Data are presented as odds ratio (95% confidence interval).

The LASSO regression technique selects only relevant predictors for each type of surgery and thus there are different variables in the final models for each type of surgery.

HADS, Hospital Anxiety and Depression Score; IPO, International Pain Outcome questionnaire; PCS, Pain Catastrophising scale score before surgery; POD, postoperative day.

Anxiety scale: anxiety before surgery on measured on a scale from 0 (not anxious at all) to 100 (extremely anxious).

Average pain POD1, POD3, POD7: average pain intensity on postoperative day 1, day3, and day 7 from BPI questionnaire question ‘How intense was your pain on average during the last 24 h’.

HADS anxiety: anxiety score on HADS questionnaire before surgery.

HADS depression: depression score on HADS questionnaire before surgery.

IPO intensity: pain intensity before surgery International Pain Outcome questionnaire.

Number of sites: number of sites of pre-operative pain on BPI.

Pain on movement POD1, POD3, POD7: pain on movement on postoperative day 1, day3, and day 7 with specific to the surgery; e.g. ‘How intense is your pain currently while bending your operated knee?’ for total knee arthroplasty.

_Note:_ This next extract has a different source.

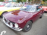 The first car was called the Alfa Romeo Giulia Sprint GT, and was revealed at a press event held at the then newly opened Arese plant on 9 September 1963, and displayed later the same month at the Frankfurt Motor Show. In its original form the Bertone body is known as scalino (step) or “step front”, because of the leading edge of the engine compartment lid which sat 1/4 an inch above the nose of the car. The Giulia Sprint GT can be distinguished from the later models by a number of features including: Exterior badging: Alfa Romeo logo on the front grille, a chrome script reading “Giulia Sprint GT” on the boot lid, and rectangular “Disegno di Bertone” badges aft of the front wheel arches; flat, chrome grille in plain, wide rectangular mesh without additional chrome bars; single-piece chrome bumpers; no overriders. Inside the cabin the padded vinyl dashboard was characterised by a concave horizontal fascia, finished in grey anti-glare crackle-effect paint. Four round instruments were inset in the fascia in front of the driver. The steering wheel was non-dished, with three aluminium spokes, a thin bakelite rim and a centre horn button. Vinyl-covered seats with cloth centres and a fully carpeted floor were standard, while leather upholstery was an extra-cost option. After initially marketing it as a four-seater, Alfa Romeo soon changed its definition of the car to a more realistic 2+2. The Giulia Sprint GT was fitted with the 1,570 cc version of Alfa Romeo’s all-aluminium twin cam inline four (78 mm bore × 82 mm stroke), which had first debuted on the 1962 Giulia Berlina. Breathing through two twin-choke Weber 40 DCOE 4 carburettors, on the Sprint GT this engine produced 105 hp at 6,000 rpm. Like all subsequent models, the Sprint GT was equipped with an all-synchromesh 5-speed manual transmission. The braking system comprised four Dunlop disc brakes and a vacuum servo. The rear brakes featured an unusual arrangement with the slave cylinders mounted on the axle tubes, operating the calipers by a system of levers and cranks. According to Alfa Romeo the car could reach a top speed of “over 180 km/h (112 mph)”. In total 21,902 Giulia Sprint GT were produced from 1963 to 1965, when the model was superseded by the Giulia Sprint GT Veloce. Of these 2,274 were right hand drive: 1,354 cars fully finished in Arese, and 920 shipped in complete knock-down kit form for foreign assembly. For 1966, the Giulia Sprint GT was replaced by the Alfa Romeo Giulia Sprint GT Veloce, which was very similar but featuring a number of improvements: a revised engine—slightly more powerful and with more torque—better interior fittings and changes to the exterior trim. Alongside the brand new 1750 Spider Veloce which shared its updated engine the Sprint GT Veloce was introduced at the 36th Geneva Motor Show in March 1966, and then tested by the international specialist press in Gardone on the Garda Lake.  Production had began in 1965 and ended in 1968. The Giulia Sprint GT Veloce can be most easily distinguished from other models by the following features: badging as per Giulia Sprint GT, with the addition of round enamel badges on the C-pillar—a green Quadrifoglio (four-leaf clover) on an ivory background—and a chrome “Veloce” script on the tail panel; black mesh grille with three horizontal chrome bars; the grille heart has 7 bars instead of 6; stainless steel bumpers, as opposed to the chromed mild steel bumpers on the Giulia Sprint GT. The bumpers are the same shape, but are made in two pieces (front) and three pieces (rear) with small covers hiding the joining rivets. Inside the main changes from the Giulia Sprint GT were imitation wood dashboard fascia instead of the previous anti-glare grey finish, front seats revised to a mild “bucket” design, and a dished three aluminium spoke steering wheel, with a black rim and horn buttons through the spokes. The Veloce’s type 00536 engine, identical to the Spider 1600 Duetto’s, featured modifications compared to the Giulia Sprint GT’s type 00502—such as larger diameter exhaust valves. As a result it produced 108 hp at 6,000 rpm, an increase of 3 hp over the previous model, and significantly more torque. The top speed now exceeded 185 km/h (115 mph). Early Giulia Sprint GT Veloces featured the same Dunlop disc brake system as the Giulia Sprint GT, while later cars substituted ATE disc brakes as pioneered on the GT 1300 Junior in 1966. The ATE brakes featured an handbrake system entirely separate from the pedal brakes, using drum brakes incorporated in the rear disc castings. Though the Sprint GT Veloce’s replacement—the 1750 GT Veloce—was introduced in 1967, production continued throughout the year and thirty final cars were completed in 1968.  By then total Giulia Sprint GT Veloce production amounted to 14,240 examples. 1,407 of these were right hand drive cars, and 332 right hand drive complete knock-down kits. The Alfa Romeo 1750 GT Veloce (also known as 1750 GTV) appeared in 1967 along with the 1750 Berlina sedan and 1750 Spider. The same type of engine was used to power all three versions; this rationalisation was a first for Alfa Romeo. The 1750 GTV replaced the Giulia Sprint GT Veloce and introduced many updates and modifications. Most significantly, the engine capacity was increased to 1779 cc displacement. Peak power from the engine was increased to 120 hp at 5500 rpm. The stroke was lengthened from 82 to 88.5 mm over the 1600 engine, and a reduced rev limit from 7000 rpm to 6000 rpm. Maximum torque was increased to 137 lb·ft at 3000 rpm. A higher ratio final drive was fitted (10/41 instead of 9/41) but the same gearbox ratios were retained. The result was that, on paper, the car had only slightly improved performance compared to the Giulia Sprint GT Veloce, but on the road it was much more flexible to drive and it was easier to maintain higher average speeds for fast touring. For the United States market, the 1779 c

Pain Physio POD1, POD7: pain during physiotherapy on postoperative day 1 and day 7.

Pain relief POD1, POD3, POD7: pain relief on BPI questionnaire on postoperative day 1, day3, and day 7.

Pain at rest POD1, POD3, POD7: pain at rest on postoperative day 1, day3, and day 7.

PCS: Pain Catastrophising scale score before surgery.

Preoperative opioid: the preoperative opioid use with equivalent in mg of morphine.

Worst pain PO3, POD7: worst pain on postoperative day 3 and day 7.

Discussion

We investigated the development of CPSP in a large prospective observational European study. The CPSP incidence was lower than expected and its prediction was not possible with the data obtained. The CPSP characteristics were different depending on the type of surgery. The interference of CPSP with daily activities was associated with pain intensity and neuropathic components.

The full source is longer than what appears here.